All of lore.kernel.org
 help / color / mirror / Atom feed
From: Baoquan He <bhe@redhat.com>
To: Jiri Bohac <jbohac@suse.cz>
Cc: Toshi Kani <toshi.kani@hpe.com>, David Airlie <airlied@linux.ie>,
	yinghai@kernel.org, joro@8bytes.org, kexec@lists.infradead.org,
	linux-kernel@vger.kernel.org, Ingo Molnar <mingo@redhat.com>,
	Borislav Petkov <bp@alien8.de>, "H. Peter Anvin" <hpa@zytor.com>,
	Bjorn Helgaas <bhelgaas@google.com>,
	Thomas Gleixner <tglx@linutronix.de>,
	Dave Young <dyoung@redhat.com>, Vivek Goyal <vgoyal@redhat.com>
Subject: Re: [PATCH v2] x86/kexec: Exclude GART aperture from vmcore
Date: Tue, 9 Jan 2018 14:19:33 +0800	[thread overview]
Message-ID: <20180109061933.GC1935@localhost.localdomain> (raw)
In-Reply-To: <20180106010013.73suskgxm7lox7g6@dwarf.suse.cz>

On 01/06/18 at 02:00am, Jiri Bohac wrote:
> Hi Baoquan,
> 
> thank you very much for your review!
> 
> On Wed, Dec 27, 2017 at 03:44:49PM +0800, Baoquan He wrote:
> > > > 1) If 'iommu=off' is specified in 1st kernel but not in kdump kernel, it
> > > > will ignore the ram we need dump.
> > > 
> > > yes, instead of crashing the machine (because GART may be initialized in the
> > > 2nd kernel, overlapping the 1st kernel memory, which the 2nd kernel with its
> > > fake e820 map sees as unused).
> > > 
> > > I'd say this is an improvement.
> > 
> > I don't get what you said.
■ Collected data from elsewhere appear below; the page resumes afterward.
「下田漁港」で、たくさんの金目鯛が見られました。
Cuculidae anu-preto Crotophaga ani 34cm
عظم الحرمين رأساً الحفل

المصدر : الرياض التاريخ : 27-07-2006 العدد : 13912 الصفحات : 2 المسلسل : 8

If 'iommu=off' only specified in 1st kernel,
> > kdump kernel will think the memory which GART bar pointed as a hole.
> > This is incorrect. I don't see the improvement.
> 
> Without the patch, the kernel will crash/hang the machine, as it
> will (correctly) try to dump the first kernel's memory that is
> now mapped by the GART.
> 
> With the patch it will produce a dump with the data missing.
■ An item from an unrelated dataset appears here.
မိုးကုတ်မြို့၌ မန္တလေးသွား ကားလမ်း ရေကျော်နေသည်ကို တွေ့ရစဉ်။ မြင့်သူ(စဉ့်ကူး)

> But this is just a corner case, I don't see why someone would
> specify iommu=off in the first kernel and not the second.
> 
> So instead of crashing and producing no dump at all, we get a
> dump with some data possibly missing.
> 
> > I understand you could get a bug report from other people, and have to
> > fix it as an assignee. And this fix is located in aperture_64.c only,
> > I am fine it's done like this. Maybe you can try the way I suggested
> > that only removing the region from io resource, but not touching anything
> > else, if you have interest.
> > 
> > So if have to, could you add some code comments around your fix to notice
> > people why these code are introduced? Commit log can help to understand
> > added code, while sometime file moving may make this checking very hard.
> 
> Sure, the full patch with comments added is below. Do the
> comments make sense? Do you want me to re-post it as v3?:
> 
> ---
> On machines where the GART aperture is mapped over physical RAM
> /proc/vmcore contains the remapped range and reading it may
> cause hangs or reboots. 
> 
> In the past, the GART region was added into the resource map, implemented by
> commit 56dd669a138c ("[PATCH] Insert GART region into resource map")
> 
> However, inserting the iomem_resource from the early GART code caused
> resource conflicts with some AGP drivers (bko#72201), which got avoided by
> reverting the patch in commit 707d4eefbdb3 ("Revert [PATCH] Insert GART
> region into resource map"). This revert introduced the /proc/vmcore bug.
> 
> The vmcore ELF header is either prepared by the kernel (when using the
> kexec_file_load syscall) or by the kexec userspace (when using the kexec_load
> syscall). Since we no longer have the GART iomem resource, the userspace
> kexec has no way of knowing which region to exclude from the ELF header.
> 
> Changes from v1 of this patch:
> Instead of excluding the aperture from the ELF header, this patch
> makes /proc/vmcore return zeroes in the second kernel when attempting to
> read the aperture region. This is done by reusing the
> gart_oldmem_pfn_is_ram infrastructure originally intended to exclude XEN
> balooned memory. This works for both, the kexec_file_load and kexec_load
> syscalls.
> 
> [Note that the GART region is the same in the first and second kernels:
> regardless whether the first kernel fixed up the northbridge/bios setting
> and mapped the aperture over physical memory, the second kernel finds the
> northbridge properly configured by the first kernel and the aperture
> never overlaps with e820 memory because the second kernel has a fake e820
> map created from the crashkernel memory regions. Thus, the second kernel
> keeps the aperture address/size as configured by the first kernel.]
> 
> register_oldmem_pfn_is_ram can only register one callback and returns an error
> if the callback has been registered already. Since XEN used to be the only user
> of this function, it never checks the return value. Now that we have more than
> one user, I added a WARN_ON just in case agp, XEN, or any other future user of
> register_oldmem_pfn_is_ram were to step on each other's toes.
> 
> 
> Signed-off-by: Jiri Bohac <jbohac@suse.cz>
> Fixes: 707d4eefbdb3 ("Revert [PATCH] Insert GART region into resource map")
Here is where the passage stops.